4.3.1. (±)-Claulenine A (1)

White solid; [ α ] D 25 0 (c 0.12, MeOH); UV (MeOH) λmax (log ε) 337 (3.54), 321 (3.82), 309 (3.68), 247 (4.46) nm; IR (KBr) νmax 2932, 1622, 1589, 1507, 1482, 1433, 1368, 1260, 1215, 1089, 1011 cm−1; 1H and 13C-NMR data, see Table 1; HR-ESI-MS m/z 366.1101 [M + H]+ (calcd for C18H21NO5Cl, 366.1108).
(+)-Claulenine A [(+)-1a]: White solid, [ α ] D 25 + 38 (c 0.12, MeOH); ECD (MeOH) λmaxε) 246 (−2.00), 238 (+1.62), 222 (−3.61) nm.
(−)-Claulenine A [(−)-1b]: White solid, [ α ] D 25 − 42 (c 0.10, MeOH); ECD (MeOH) λmaxε) 247 (+2.44), 238 (−1.41), 223 (+2.99) nm.

4.3.2. Claulenine B (2)

Yellow oil; UV (MeOH) λmax (log ε) 290 (3.52), 267 (3.57), 219 (3.54), 200 (3.72) nm; IR (KBr) νmax 2932, 1653, 1607, 1510, 1451, 1371, 1253, 1172, 1086, 1032, 765 cm−1; 1H and 13C-NMR data, see Table 1; HR-ESI-MS m/z 294.1490 [M + H]+ (calcd for C19H20NO2, 294.1494).

4.3.3. Claulenin A (3)

Yellow oil; [ α ] D 25 − 25 (c 0.24, MeOH); ECD (MeOH) λmaxε) 232 (+3.12), 222 (+2.37), 206 (+11.31) nm; UV (MeOH) λmax (log ε) 335 (3.20), 298 (2.89), 250 (3.34), 227 (3.26), 202 (3.68) nm; IR (KBr) νmax 2967, 1715, 1626, 1581, 1490, 1268, 1164, 1131, 986, 784 cm−1; 1H and 13C-NMR data, see Table 1; HR-ESI-MS m/z 315.1594 [M + H]+ (calcd for C19H23O4, 315.1596).

4.3.4. Clauleside A (4)

Yellow solid; [ α ] D 25 + 27 (c 0.32, MeOH); ECD (MeOH) λmaxε) 336 (+10.20), 270 (+1.55), 252 (+8.75), 236 (+4.69), 229 (+9.56), 211 (−3.48) nm; UV (MeOH) λmax (log ε) 334 (3.93), 250 (3.79), 226 (3.94), 206 (4.20) nm; IR (KBr) νmax 3381, 2932, 2882, 1712, 1626, 1568, 1486, 1446, 1363, 1124, 1076, 1038, 823, 610 cm−1; 1H and 13C-NMR data, see Table 1; HR-ESI-MS m/z 405.1187 [M − H] (calcd for C20H21O9, 405.1186).

4.3.5. Claulenin B (5)

Yellow oil; [ α ] D 25 − 10 (c 0.20, MeOH); ECD (MeOH) λmaxε) 244 (−2.18), 219 (+1.40) nm; UV (MeOH) λmax (log ε) 282 (3.24), 229 (3.61), 211 (3.52) nm; IR (KBr) νmax 3421, 2935, 1687, 1602, 1442, 1378, 1291, 1125, 977, 896 cm−1; 1H and 13C NMR data, see Table 1; HR-ESI-MS m/z 363.1933 [M + Na]+ (calcd for C22H28O3Na, 363.1936).
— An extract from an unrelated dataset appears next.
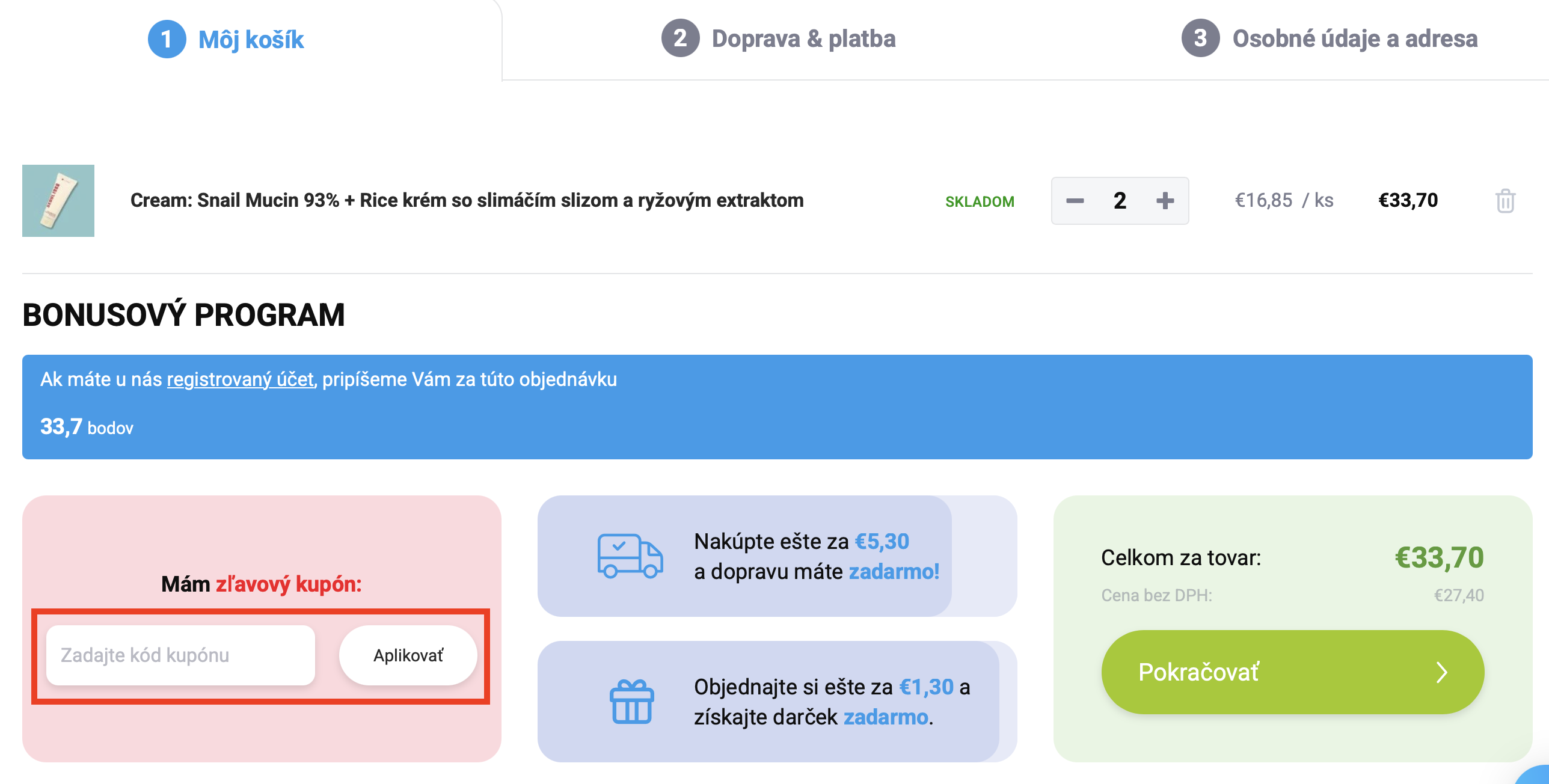Do políčka „Mám zľavový kupón“ skopírujte ten váš (napríklad jednoduchým stlačením klávesovej skratky CTRL-V) a kliknite na „Aplikovať“.

4.3.6. (S)-Swietenocoumarin I (22)

Colorless oil; [ α ] D 25 + 30 (c 0.20, MeOH); ECD (MeOH) λmaxε) 226 (+5.80), 204 (−12.02) nm; ESI-MS m/z 347 [M + H]+.
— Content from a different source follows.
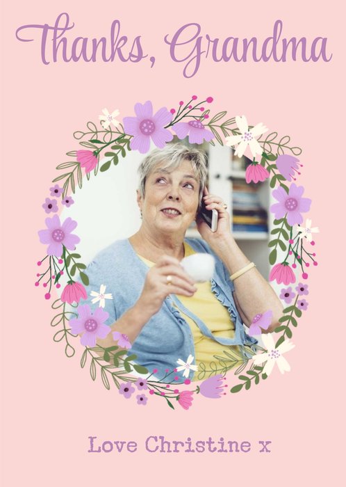 Front of card: Thank You Photo Upload Card Circular photo frame with a flowery border on a pink background. Text reads: "Thanks, Grandma love Christine x". All text can be personalised!

4.4. ECD Calculations of 1, 3, 4a, 5, and 22

Conformation searches of 1, 3, 4a, 5, and 22 using molecular mechanics calculations were performed in Spartan 14 (Wavefunction Ind.) with MMFF force field with an energy window for acceptable conformers (ewindow) of 5 kcal/mol above the ground state. Then the predominant conformers were optimized by using the TDDFT method at B3LYP/6-31G(d) level in Gaussian 16 [70]. The optimized conformers were used for the ECD calculations, which were performed with Gaussian 16 at B3LYP/6-31+G(d) level. The solvent effects were taken into account by the polarizable-conductor calculation model (PCM, methanol as the solvent). The SpecDis v1.71 program was used to generate ECD calculation curves [71].
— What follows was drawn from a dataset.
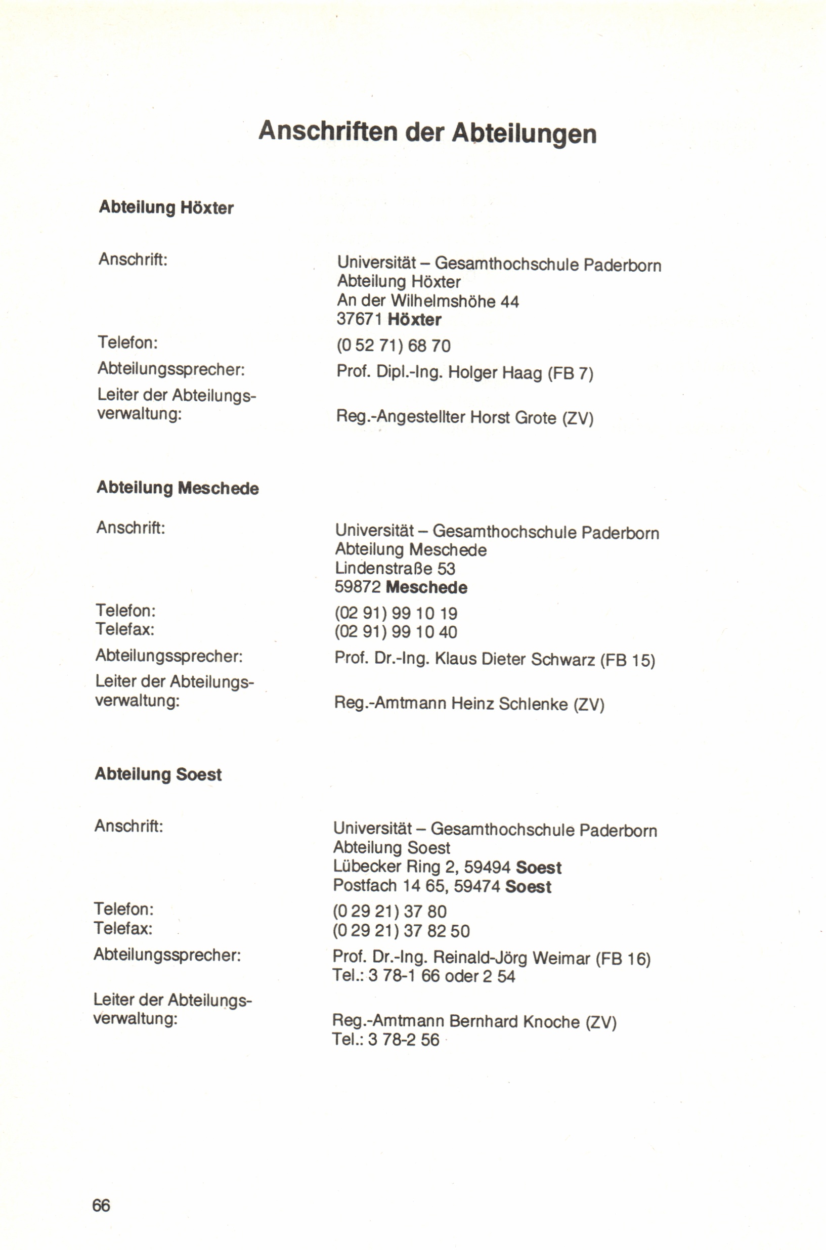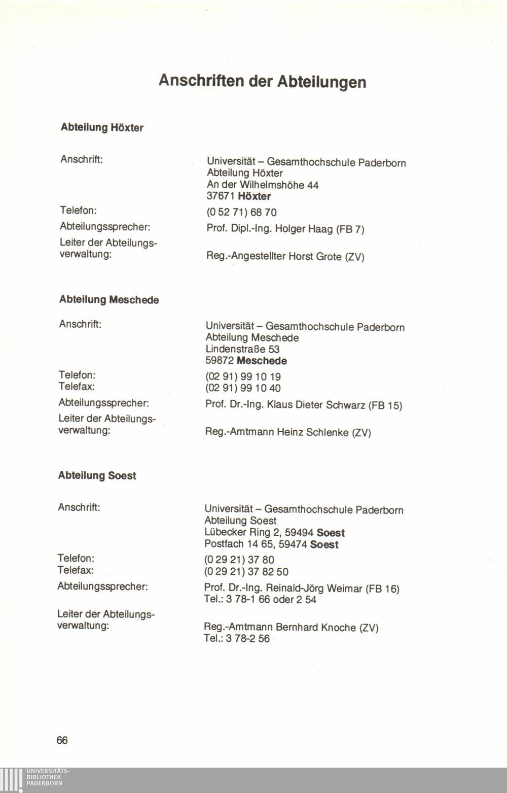 Anschriften der Abteilungen

4.5. X-ray Crystallography of (+)-1a

The single crystals of (+)-1a were collected from methanol solution at room temperature. An Agilent Gemini E X-ray single-crystal diffractometer with an Oxford Cryostream cooler was used to collect the single crystal data with Cu Kα radiation at T = 174.7 K. The structure was solved with the direct method using SHELXS-97 and refined anisotropically by full-matrix least-squares on F2 using SHELXL-97. The H atoms were placed in calculated positions and refined using a riding model. The absolute configuration was determined by refinement of the Flack parameter based on resonant scattering of the light atoms.
Crystal data for (+)-1a: C18H20ClNO5 (M = 365.80 g/mol), monoclinic, space group P21, size 0.19 × 0.17 × 0.02 mm3, a = 11.1628(2) Å, b = 6.63600(10) Å, c = 11.6688(2) Å, α = 90°, β = 97.049(2)°, γ = 90°, V = 857.85(3) Å3, Z = 2, T = 100.00(10) K, μ(Cu Kα) = 2.230 mm−1, 3400 unique (Rint = 0.0736, Rsigma = 0.0267), which were used in all calculations. The final R1 was 0.0384 [I > 2σ(I)] and the final wR2 was 0.1060 (all data). Flack parameter −0.003(9). Crystallographic data for 1 have been filed with Cambridge Crystallographic Data Centre (CCDC, deposition number: CCDC 2129405). These data can be obtained free of charge from the CCDC via https://www.ccdc.cam.ac.uk/structures/ (accessed on 17 December 2021).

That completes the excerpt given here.